"No, no," said Langholm, hoarsely; "no, I believe you! Yes—it was my first idea!"
"I hardly knew what I was doing," Severino whispered. "I was delirious then, if you like! Yet I remember it better than anything else in all my life. I have never forgotten it for an hour—since it first came back!"
"You really were unconscious for days afterwards?"
"I believe it was weeks. Otherwise, you must know—she will be the first to believe—I never could have let her—"
"My poor, dear fellow—of course—of course."
Langholm felt for the emaciated hand, and stroked it as though it had been a child's. Yet that was the hand that had slain Alexander Minchin!

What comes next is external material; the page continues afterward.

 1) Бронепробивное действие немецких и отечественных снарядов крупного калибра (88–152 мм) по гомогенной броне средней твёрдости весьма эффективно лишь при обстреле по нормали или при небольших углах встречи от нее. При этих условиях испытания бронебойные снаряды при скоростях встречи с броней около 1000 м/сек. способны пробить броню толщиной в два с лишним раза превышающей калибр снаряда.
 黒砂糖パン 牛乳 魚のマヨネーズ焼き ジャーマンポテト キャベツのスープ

And Langholm thought of it; and still his own was almost womanly in the tender pity of its touch.
"I want to tell you," the sick lad murmured. "I wanted to tell her—God knows it—and that alone was why I came to her the moment I could find out where she was. No—no—not that alone! I am too ill to pretend any more. It was not all pretence when I let you think it was only passion that drove me down here. I believe I should have come, even if I had had nothing at all to tell her—only to be near her—as I was this afternoon! But the other made it a duty. Yet, when she came this afternoon, I could not do my duty. I had not the courage. It was too big a thing just to be with her again! And then the other lady—I thanked God for her too—for she made it impossible for me to speak. But to you I must ... especially after what you say."

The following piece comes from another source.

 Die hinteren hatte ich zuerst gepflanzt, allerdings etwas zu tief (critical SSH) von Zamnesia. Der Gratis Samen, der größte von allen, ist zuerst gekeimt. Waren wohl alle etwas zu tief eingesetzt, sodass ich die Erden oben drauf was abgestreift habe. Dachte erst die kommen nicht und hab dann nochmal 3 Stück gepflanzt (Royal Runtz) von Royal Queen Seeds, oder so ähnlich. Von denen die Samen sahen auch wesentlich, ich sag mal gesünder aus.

The man came out in Langholm's ministrations. "One minute," he said; and returned in two or three with a pint of tolerable champagne. "I keep a few for angel's visits," he explained; "but I am afraid I must light the candle. I will put it at the other side of the room. Do you mind the tumbler? Now drink, and tell me only what you feel inclined, neither more nor less."

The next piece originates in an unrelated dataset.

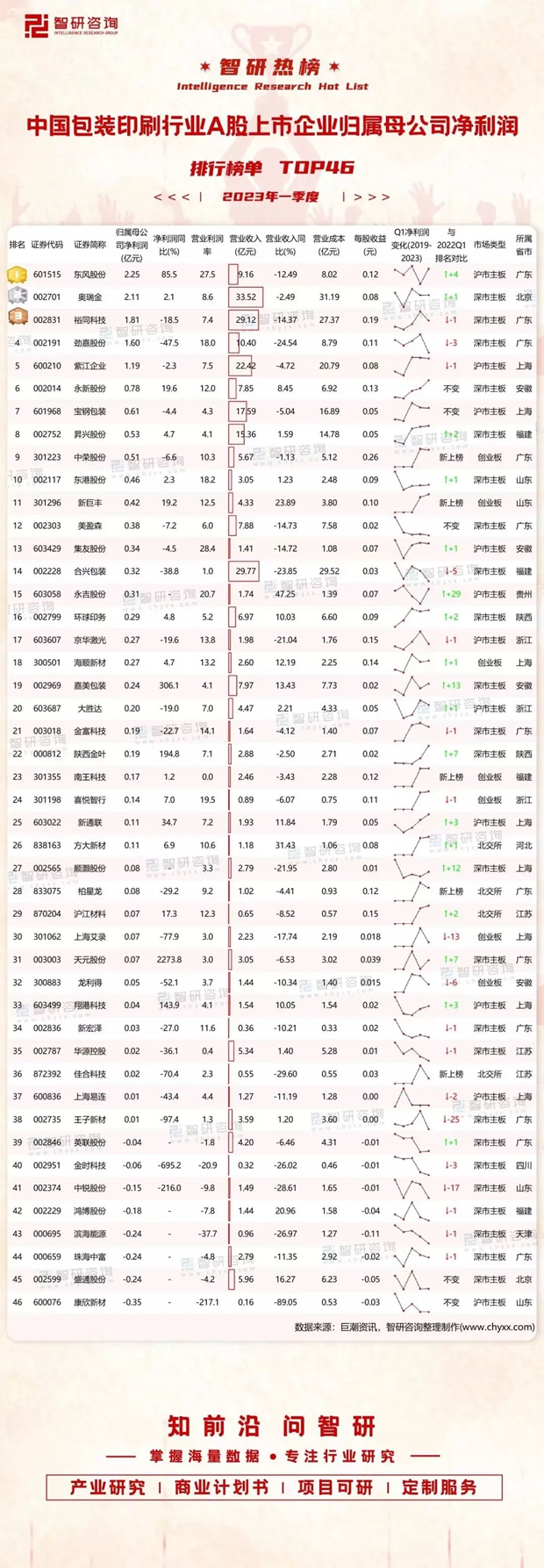46家包裝印刷A股上市企業(yè)2023年第一季度總計歸屬母公司凈利潤為14.88億元,同比增長0.53%(截至2022年5月15日,2022Q1共有41家包裝印刷上市企業(yè)公布數(shù)據(jù),總計歸屬母公司凈利潤為14.8億元),總計營收275.4億元。

"It is all written down," began Severino, in better voice for the first few drams: "how I first heard her singing through the open windows in the summer—only last summer!—how she heard me playing, and how afterwards we came to meet. She was unhappy; he was a bad husband; but I only saw it for myself. He was nice enough to me in his way—liked to send round for me to play when they had anybody there—but there was only one reason why I went. Oh, yes ... the ground she trod on ... the air she breathed! I make no secret of it now; if I made any then, it was because I knew her too well, and feared to lose what I had got. And yet—that brute, that bully, that coarse—"
He checked himself by an effort that stained his face a sickly brown in the light of the distant candle. Langholm handed him the tumbler, and a few more drams went down to do the only good—the temporary good—that human aid could do for Severino now. His eyes brightened. He lay still and silent, collecting strength and self-control.